#### Input for this task:

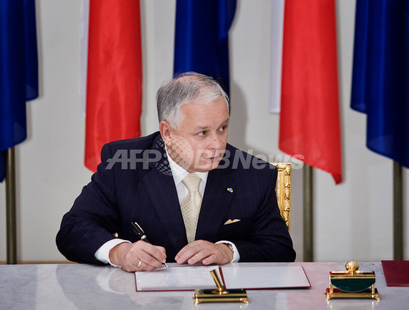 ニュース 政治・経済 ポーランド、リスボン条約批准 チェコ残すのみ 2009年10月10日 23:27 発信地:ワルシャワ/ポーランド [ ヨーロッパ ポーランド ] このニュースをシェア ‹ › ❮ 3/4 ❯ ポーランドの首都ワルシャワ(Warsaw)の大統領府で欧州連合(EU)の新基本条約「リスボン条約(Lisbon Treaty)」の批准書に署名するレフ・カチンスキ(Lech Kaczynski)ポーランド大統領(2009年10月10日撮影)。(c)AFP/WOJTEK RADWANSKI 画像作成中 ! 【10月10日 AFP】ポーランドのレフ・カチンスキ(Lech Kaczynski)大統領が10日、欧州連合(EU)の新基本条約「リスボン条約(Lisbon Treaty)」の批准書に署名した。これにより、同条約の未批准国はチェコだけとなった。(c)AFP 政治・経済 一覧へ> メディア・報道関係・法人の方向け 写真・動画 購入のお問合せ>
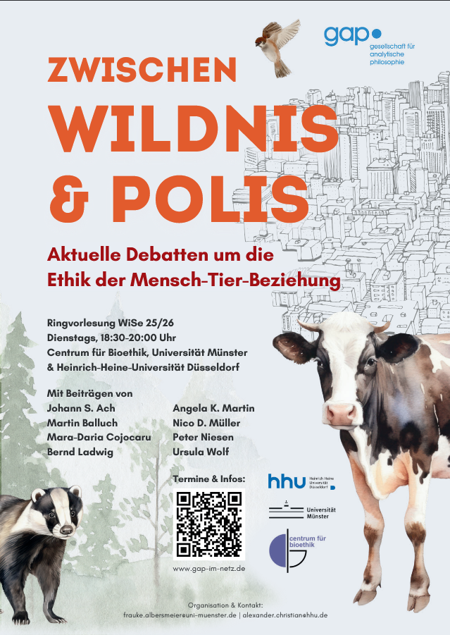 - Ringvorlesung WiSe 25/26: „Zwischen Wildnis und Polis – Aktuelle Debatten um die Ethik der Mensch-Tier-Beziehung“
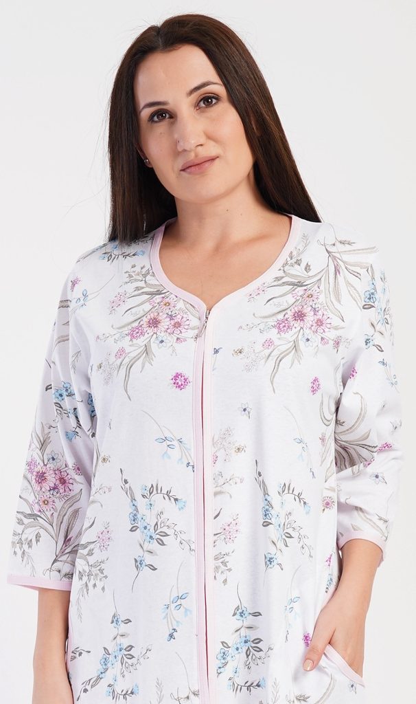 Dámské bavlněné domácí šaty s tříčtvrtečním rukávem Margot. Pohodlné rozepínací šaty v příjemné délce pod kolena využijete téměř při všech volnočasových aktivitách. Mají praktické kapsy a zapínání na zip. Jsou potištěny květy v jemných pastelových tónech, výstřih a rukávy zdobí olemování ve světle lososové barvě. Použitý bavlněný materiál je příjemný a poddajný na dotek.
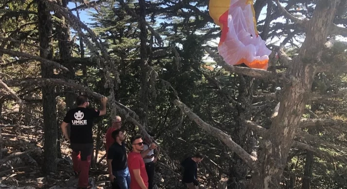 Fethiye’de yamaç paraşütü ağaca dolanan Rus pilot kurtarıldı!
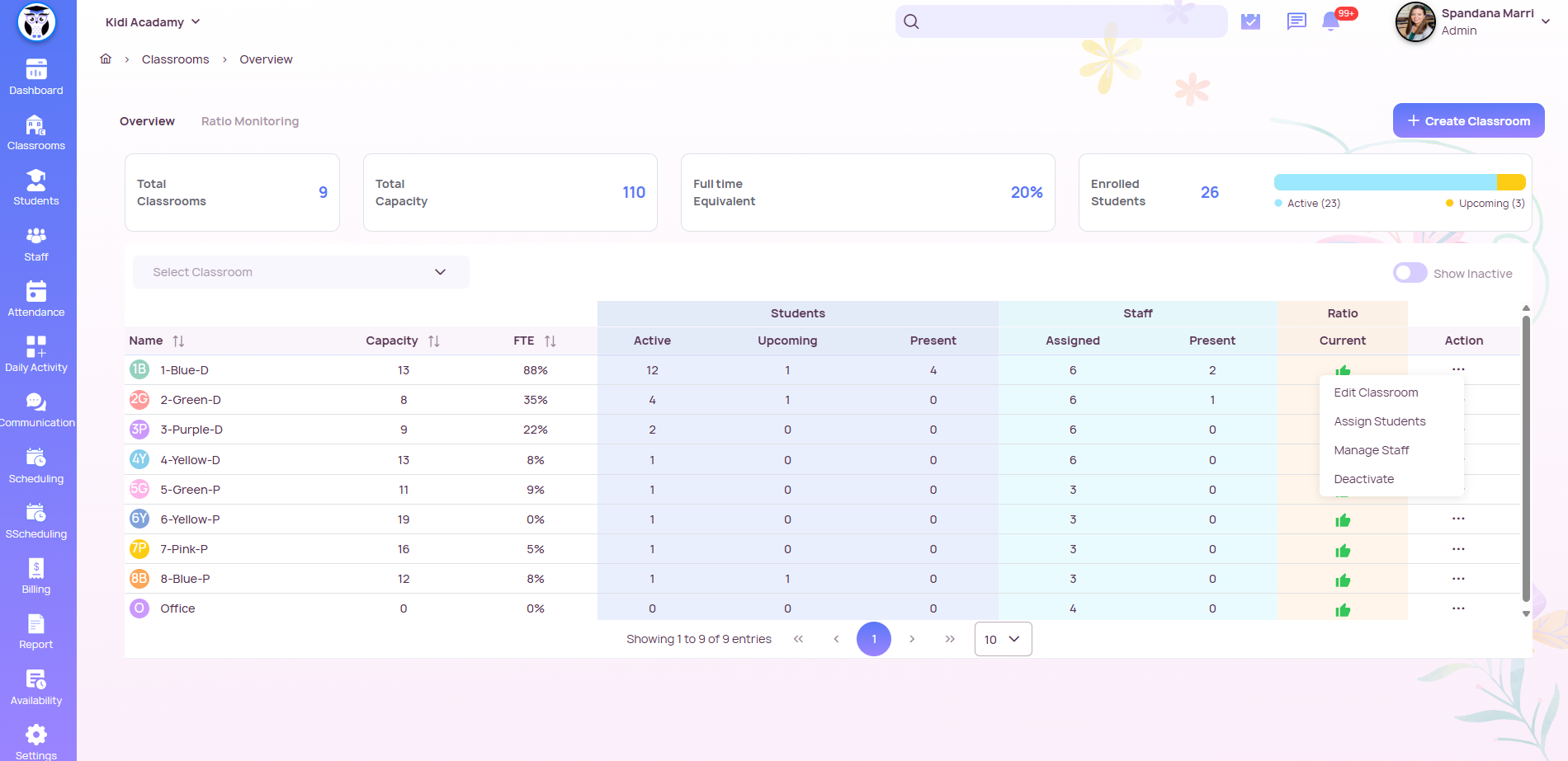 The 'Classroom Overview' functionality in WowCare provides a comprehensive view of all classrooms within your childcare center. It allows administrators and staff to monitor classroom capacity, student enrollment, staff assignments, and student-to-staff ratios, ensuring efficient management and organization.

* * *

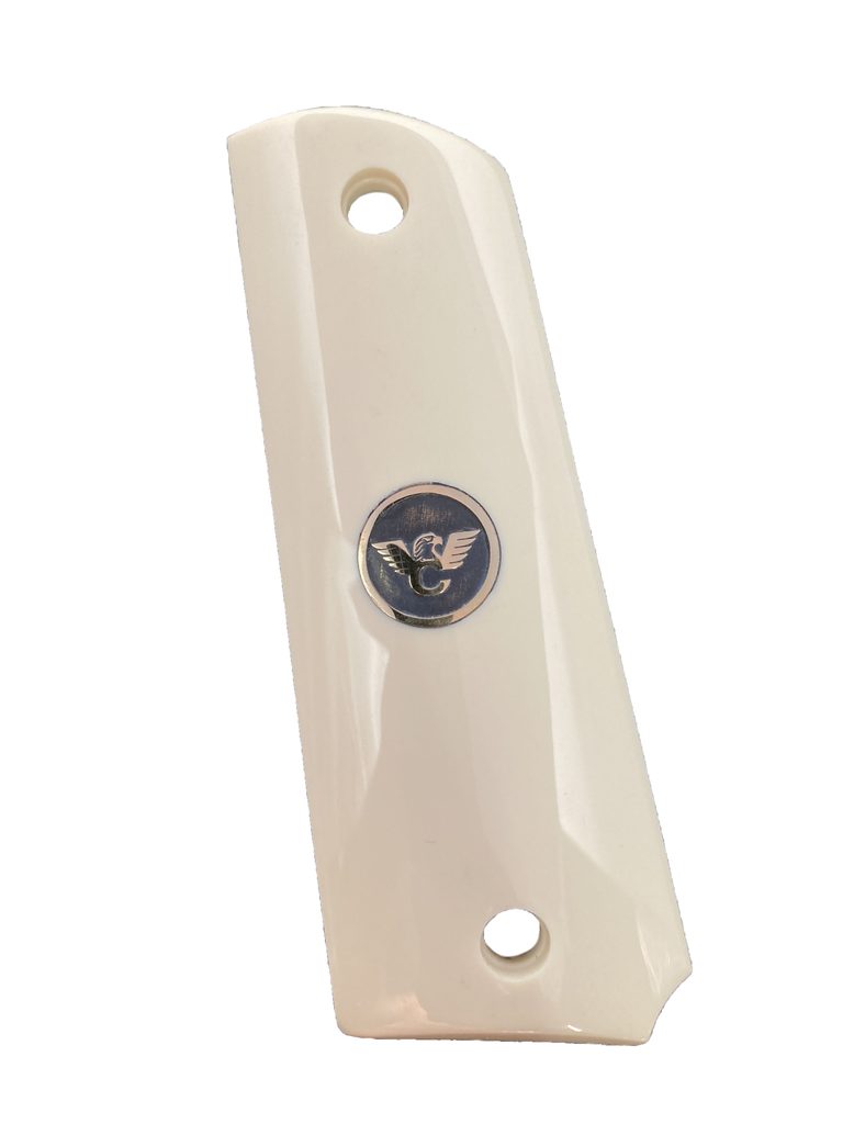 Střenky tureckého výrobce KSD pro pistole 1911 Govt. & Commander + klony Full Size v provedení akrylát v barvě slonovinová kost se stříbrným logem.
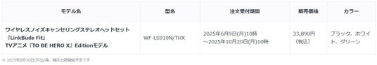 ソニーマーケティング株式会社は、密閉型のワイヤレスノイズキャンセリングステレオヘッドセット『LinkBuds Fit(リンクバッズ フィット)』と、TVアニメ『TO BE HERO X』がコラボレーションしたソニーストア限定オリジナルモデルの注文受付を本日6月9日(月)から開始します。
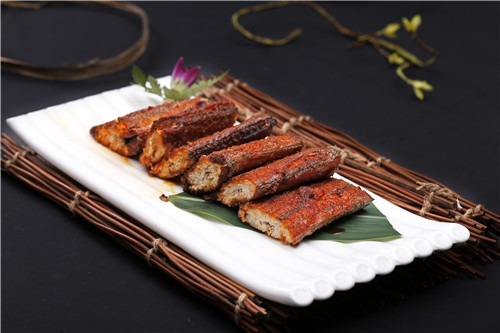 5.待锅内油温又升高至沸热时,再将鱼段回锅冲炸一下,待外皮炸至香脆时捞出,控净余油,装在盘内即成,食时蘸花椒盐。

---

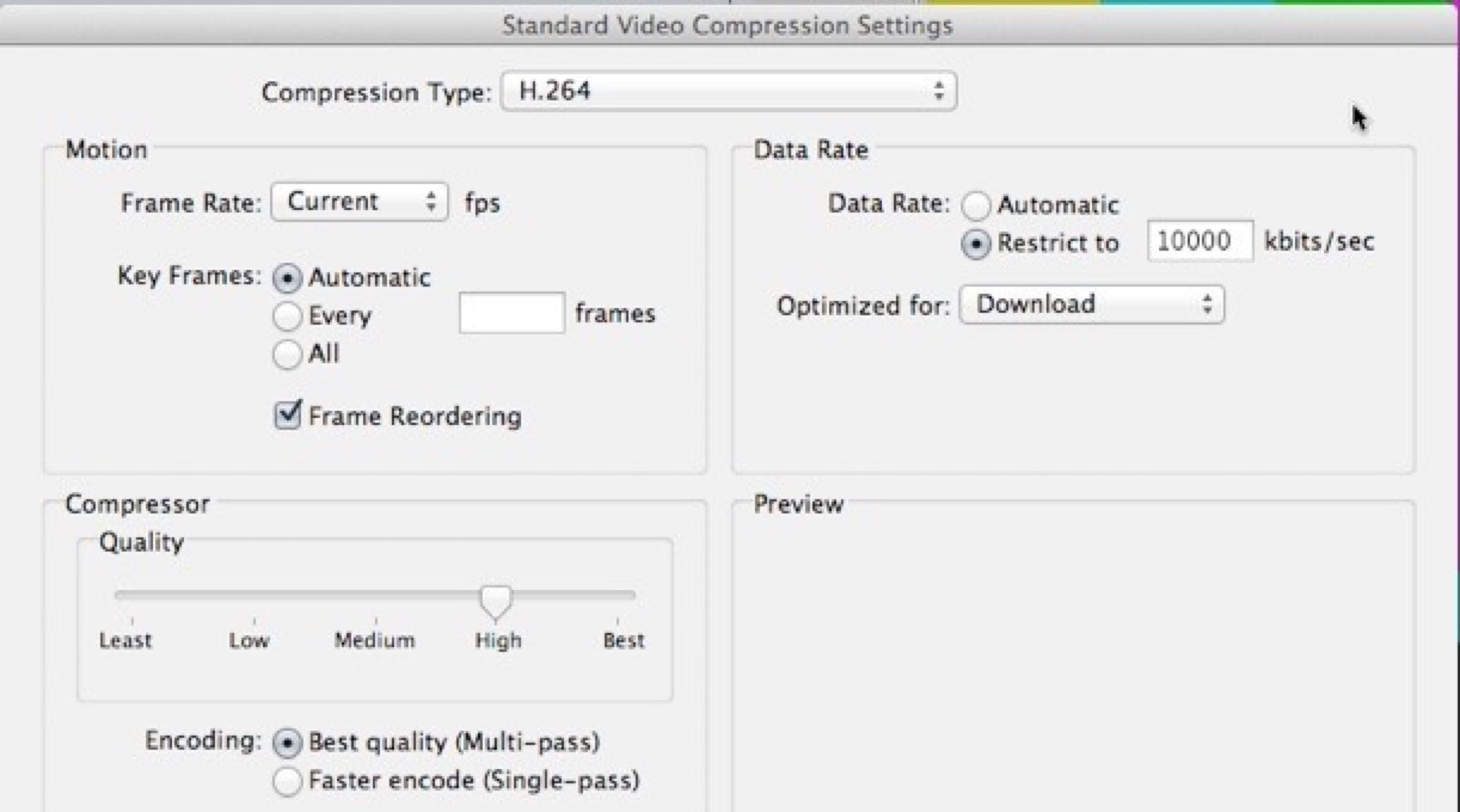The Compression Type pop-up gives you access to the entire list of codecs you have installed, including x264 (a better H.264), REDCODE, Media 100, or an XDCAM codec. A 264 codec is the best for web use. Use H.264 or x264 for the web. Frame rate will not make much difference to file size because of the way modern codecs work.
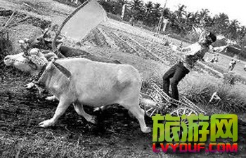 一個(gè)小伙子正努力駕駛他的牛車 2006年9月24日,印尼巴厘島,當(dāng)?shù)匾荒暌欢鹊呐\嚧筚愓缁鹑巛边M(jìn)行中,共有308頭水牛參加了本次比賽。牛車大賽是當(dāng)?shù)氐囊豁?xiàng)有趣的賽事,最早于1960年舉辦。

#### Task to carry out:
When you reach the line containing "- Ringvorlesung WiSe" in the entries above, begin restating word for word, and stop once the line containing "The 'Classroom Overview'" has been given. Omit the pictures.

#### Written solution:
 - Ringvorlesung WiSe 25/26: „Zwischen Wildnis und Polis – Aktuelle Debatten um die Ethik der Mensch-Tier-Beziehung“
 Dámské bavlněné domácí šaty s tříčtvrtečním rukávem Margot. Pohodlné rozepínací šaty v příjemné délce pod kolena využijete téměř při všech volnočasových aktivitách. Mají praktické kapsy a zapínání na zip. Jsou potištěny květy v jemných pastelových tónech, výstřih a rukávy zdobí olemování ve světle lososové barvě. Použitý bavlněný materiál je příjemný a poddajný na dotek.
 Fethiye’de yamaç paraşütü ağaca dolanan Rus pilot kurtarıldı!
 The 'Classroom Overview' functionality in WowCare provides a comprehensive view of all classrooms within your childcare center. It allows administrators and staff to monitor classroom capacity, student enrollment, staff assignments, and student-to-staff ratios, ensuring efficient management and organization.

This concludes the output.